### Exercise objective
Below are the records. Reproduce exactly the lines from the one containing "2018年9月,公司推出首款" through the final line, and omit any pictures.
■ ■ ■ ■ ■
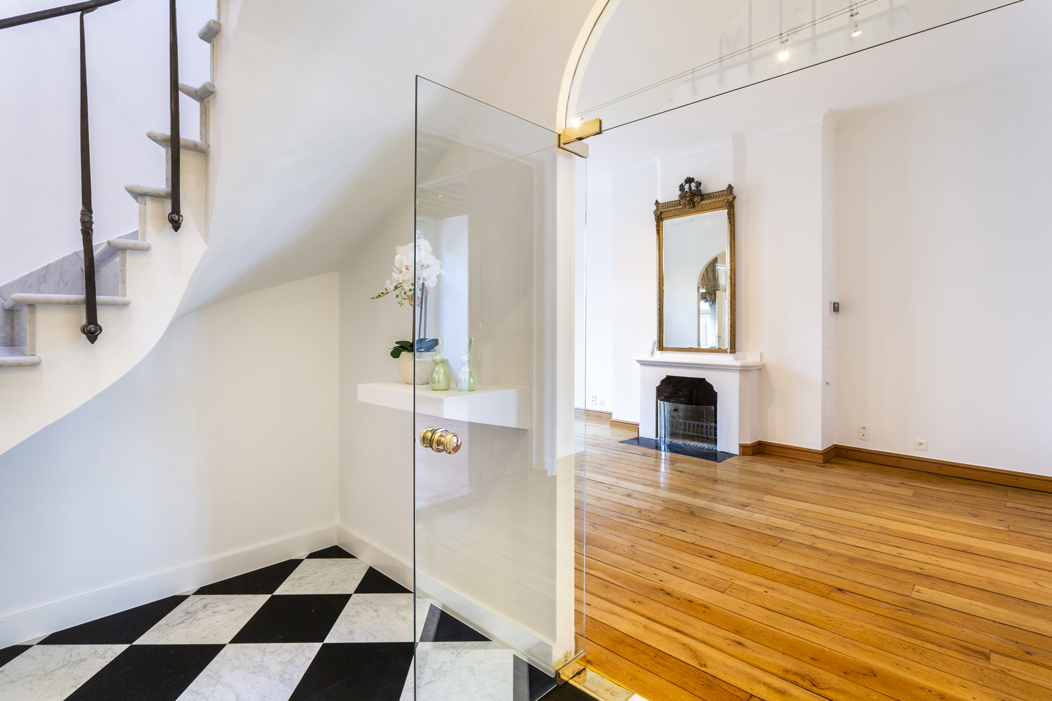 Dit uitzonderlijk riant duplex-appartement bevindt zich op de eerste en tweede verdieping van een statige herenwoning in het hartje van Antwerpen en biedt een bewoonbare oppervlakte van ca 315 m², aangevuld met een royaal terras van ca 41 m².
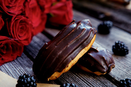 Delicious chocolate-covered eclairs are arranged beautifully on a wooden surface, showcasing their fluffy pastry and rich glaze, perfect for chocolate dessert lovers.
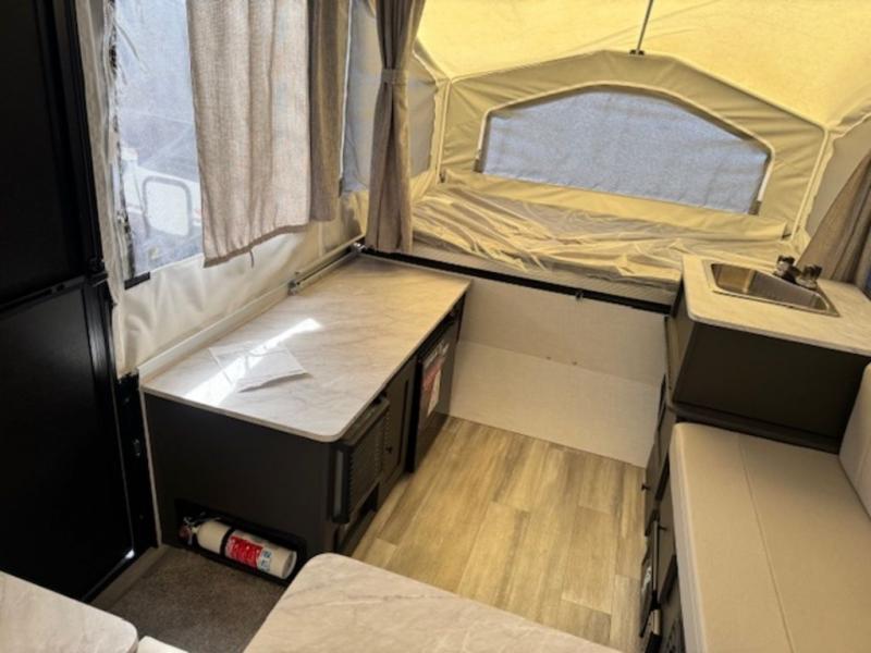 This compact camper will be perfect for outdoor trips to your favorite campground. There are two tent end beds for sleeping space, along with an L-shaped seat with a table for dining space. An extra guest or two little ones could even sleep here at night! The exterior griddle will let you make meals each day, and the 12V refrigerator will keep perishables fresh. This unit also includes an indoor sink so you can wash dishes and brush your teeth at night, and there is a 7' awning outdoors to enjoy some shade!
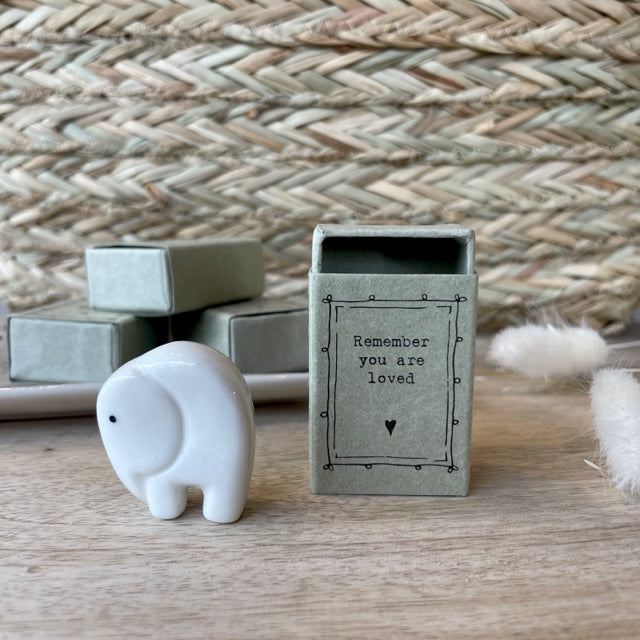 Sometimes it's the littlest gifts that mean the most. This delightful miniature porcelain elephant is perfectly pocketsized, comes complete in a kraft paper matchbox, bearing the words "Remember you are loved".
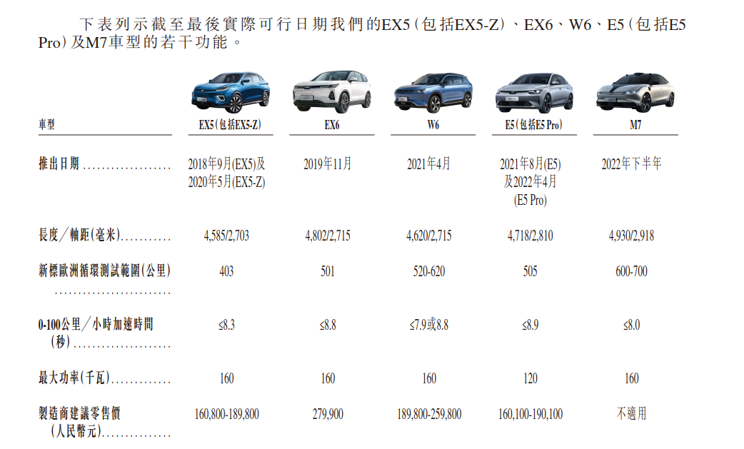 2018年9月,公司推出首款量產(chǎn)車型EX5,后又相繼推出EX6、W6、E5等車型,最新旗艦轎車M7預(yù)計(jì)在今年下半年面世。
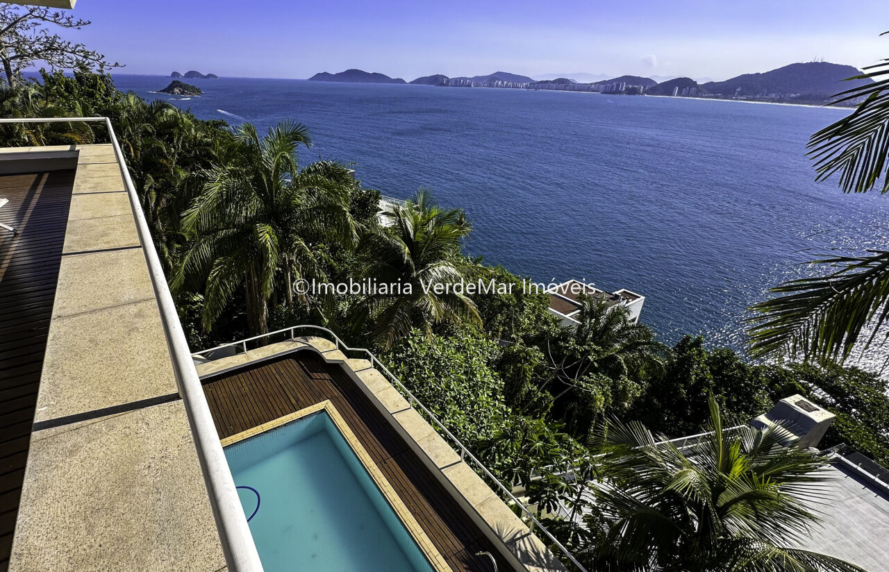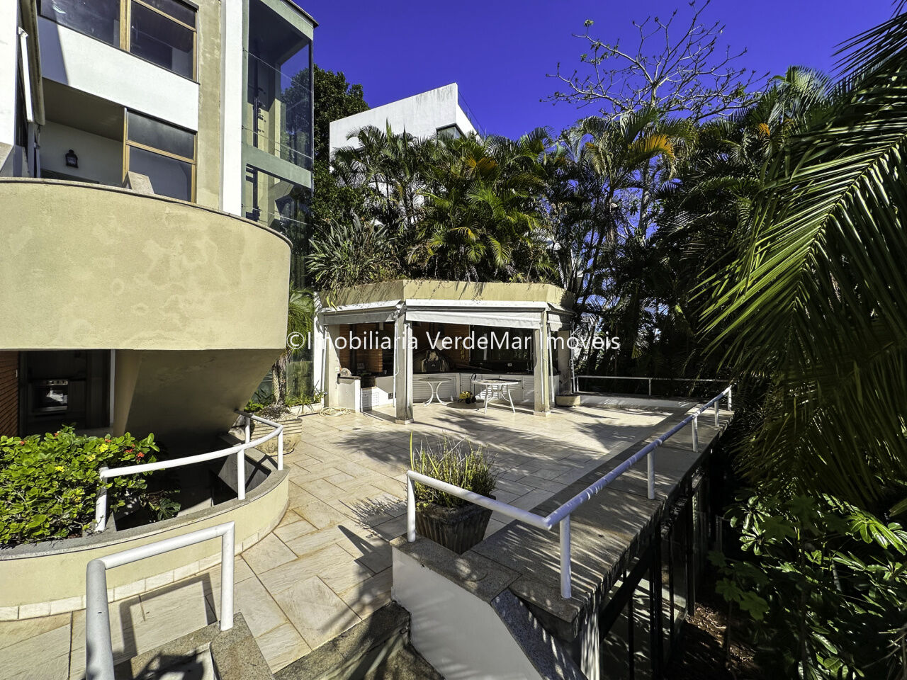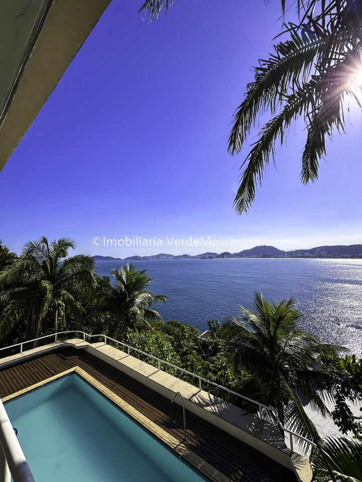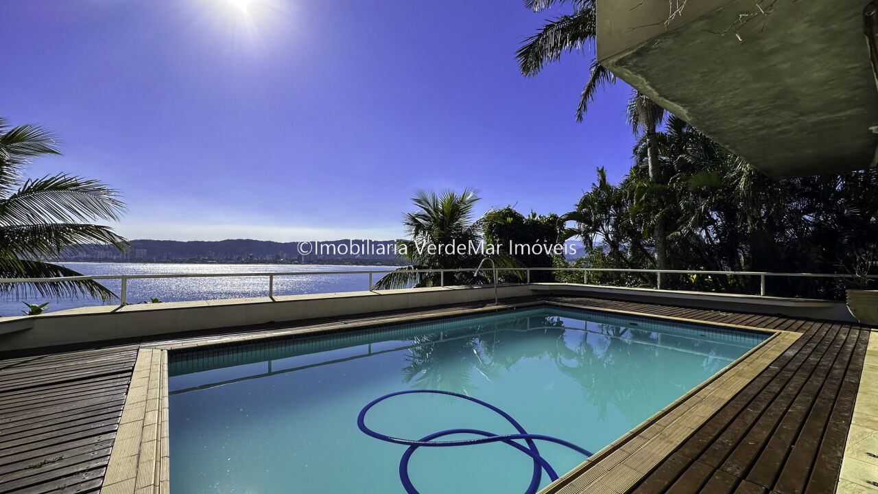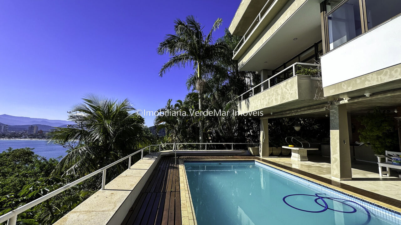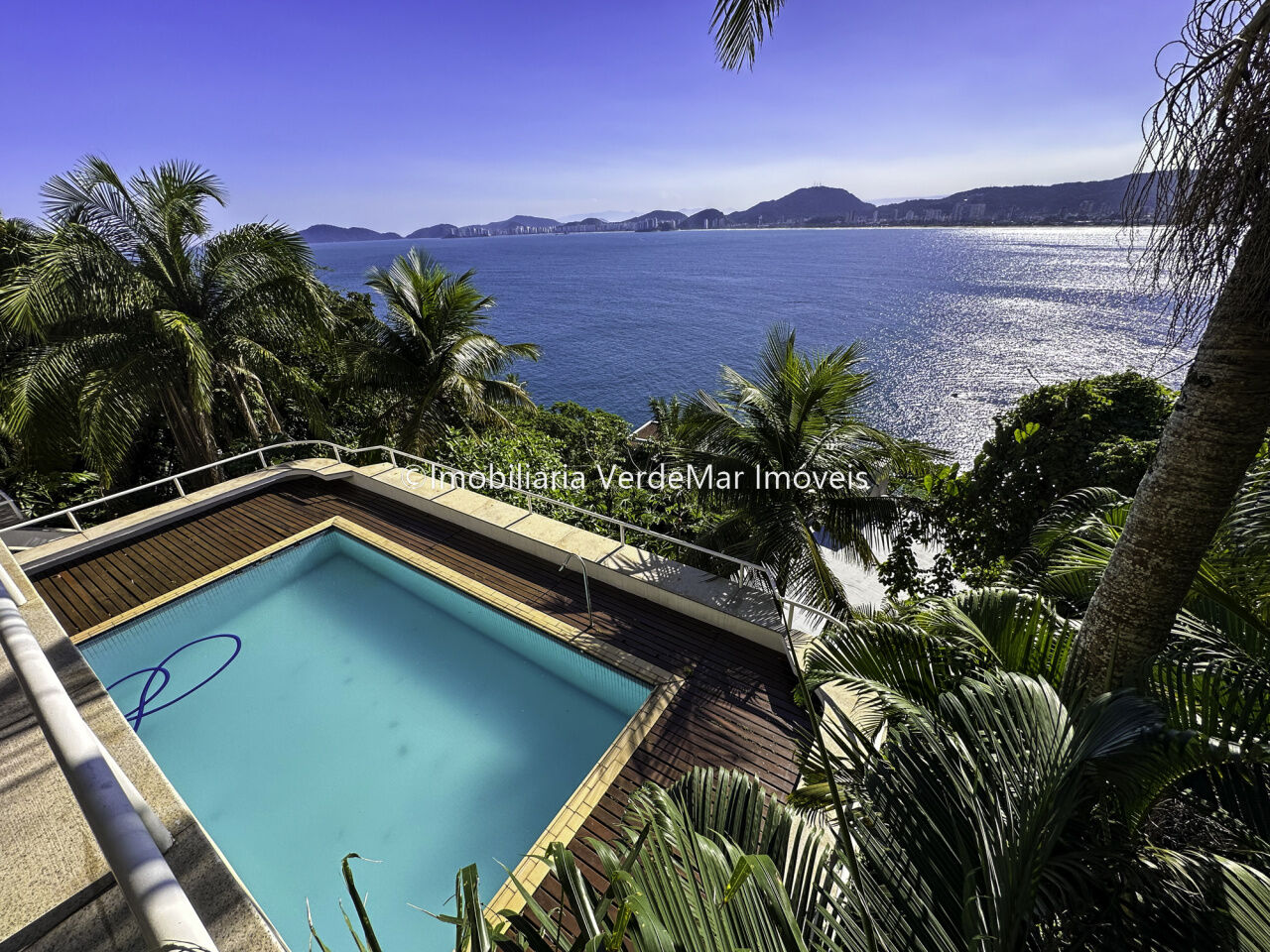 Casa com vista para o mar no Residencial Península na praia da Enseada em Guarujá, com 5 suítes, closet, sala para 3 ambientes, cozinha americana, copa, lavabo, despensa, área de serviço, e casa de caseiro.
■ ■ ■ ■ ■
### The answer
 2018年9月,公司推出首款量產(chǎn)車型EX5,后又相繼推出EX6、W6、E5等車型,最新旗艦轎車M7預(yù)計(jì)在今年下半年面世。
 Casa com vista para o mar no Residencial Península na praia da Enseada em Guarujá, com 5 suítes, closet, sala para 3 ambientes, cozinha americana, copa, lavabo, despensa, área de serviço, e casa de caseiro.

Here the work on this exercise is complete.